Artist

The Osmonds

Genre: Pop ,Bubblegum ,AM Pop ,Country-Pop
Origin: U.S.A
Active: 1959 - Present
Listen on Coda
After the Jackson 5 scored their breakthrough in 1970, another set of five brothers already familiar to audiences for nearly a decade seemed poised to attain comparable teen-idol status. With youngest sibling Donny serving as the central attraction in much the same way Michael did for the Jacksons, the Osmonds capitalized on that opening and enjoyed peak popularity throughout 1971 and 1972. Although the group’s collective chart dominance faded and had vanished by late 1974, the brothers launched enduring entertainment careers for Donny and their sister Marie while the remaining members later mounted a viable return as country performers.

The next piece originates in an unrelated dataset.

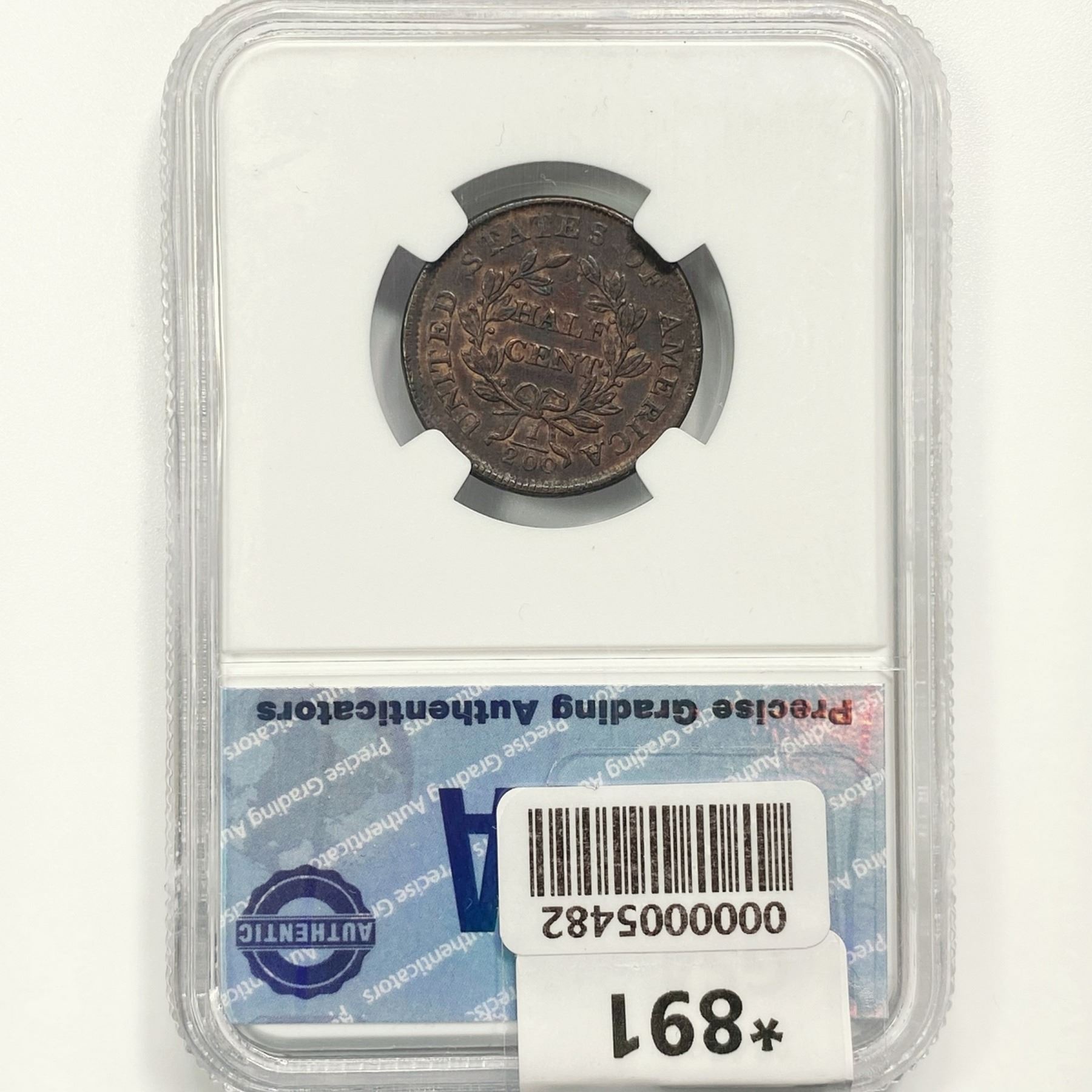 1805 Draped Bust Half Cent PGA AU55 Lg 5 w/ Stems, C-4

The sons of George and Olive Osmond from Ogden, Utah—Alan (June 22, 1949), Wayne (August 28, 1951), Merrill (April 30, 1953), and Jay (March 2, 1955)—first harmonized in 1959, sharpening their stagecraft at county fairs and amusement parks while concentrating on barbershop arrangements and occasional gospel numbers. In 1962 George escorted the quartet to Los Angeles in hopes of an audition for The Lawrence Welk Show; after Welk declined to hear them, he softened the setback with a Disneyland excursion, where the siblings delivered an impromptu performance alongside a park-employed barbershop quartet. The Osmonds were promptly hired as regular evening entertainers, and within weeks the father of singer and new variety-show host Andy Williams spotted them, prompting a recommendation to his son. Five days before Christmas 1962 the group made its national-television bow on The Andy Williams Show, where they remained regular guests until the program ended in 1967. Roughly a year after that first appearance, Donny (December 9, 1957) formally joined, and the act gradually expanded its style to encompass polished pop material.

Once The Andy Williams Show concluded, the Osmonds moved to The Jerry Lewis Show and remained there through 1969. The 1970 surge of family-oriented bubblegum acts, notably the Jackson 5 and the Partridge Family, positioned the Osmonds for mainstream success. MGM president Mike Curb signed them and dispatched the group to Muscle Shoals, where studio owner and noted R&B producer Rick Hall oversaw sessions. Staff songwriter George Jackson supplied the surefire single “One Bad Apple (Don’t Spoil the Whole Bunch),” which appeared on the debut album Osmonds. Issued at the start of 1971, the track climbed to number one and held the summit for five weeks, finally translating the Osmonds’ long-standing visibility into recording stardom. Additional hits followed rapidly through 1972: “Double Lovin’,” the Top Five singles “Yo-Yo” and “Down by the Lazy River,” “Hold Her Tight,” and “Crazy Horses.” Album sales matched the singles’ momentum; Osmonds earned gold certification, as did the four subsequent releases—Homemade (1971) and the 1972 trio Phase III, The Osmonds Live, and Crazy Horses. Donny’s parallel solo trajectory also accelerated, with “Go Away Little Girl” reaching the top of the charts in 1971.

Momentum eased in 1973 when The Plan, a concept album exploring the family’s Mormon beliefs, failed to match prior commercial results, although the project found unexpected favor in the United Kingdom. That same year thirteen-year-old sister Marie Osmond began appearing with the group, though never as an official member, and she scored a solo success with “Paper Roses.” Shifting public tastes combined with numerous side projects ultimately curtailed the original lineup’s viability; “Love Me for a Reason” from 1974 became the quintet’s final Top Ten single, by which time Donny and Marie had each established independent careers, frequently collaborating as a duet act in subsequent years. The group did not formally dissolve until 1980, yet it had long ceased to register as a pop force.

Donny staged a modest late-’80s resurgence as a contemporary dance-pop vocalist and Broadway performer, then reunited with Marie in the late ’90s for the daytime talk program Donny & Marie. Marie placed several singles on the country charts during the ’90s and appeared on one season of the ABC series Dancing with the Stars in 2007. Beginning in the early ’80s the four eldest brothers—Alan, Merrill, Wayne, and Jay—performed as the country outfit the Osmond Brothers and enjoyed solid sales. They maintained an active touring schedule, frequently playing the resort community of Branson, Missouri, where they once operated their own theater. Alan stepped away from the stage in 1996, with Jimmy Osmond assuming his role. The act continued issuing recordings, chiefly through their own website. A 2008 release, Live in Las Vegas 50th Anniversary Reunion Concert, documented a celebratory performance. In 2012 Donny rejoined his brothers for the adult-contemporary album Can’t Get There Without You, which incorporated updated production. That reunion proved brief; the next two projects were holiday collections—2015’s Merry Christmas, featuring Merrill, Jay, and Jimmy on traditional and newer seasonal songs, and 2018’s Very Merry Rockin’ Good Christmas, an energetic set fronted by Jay and Merrill.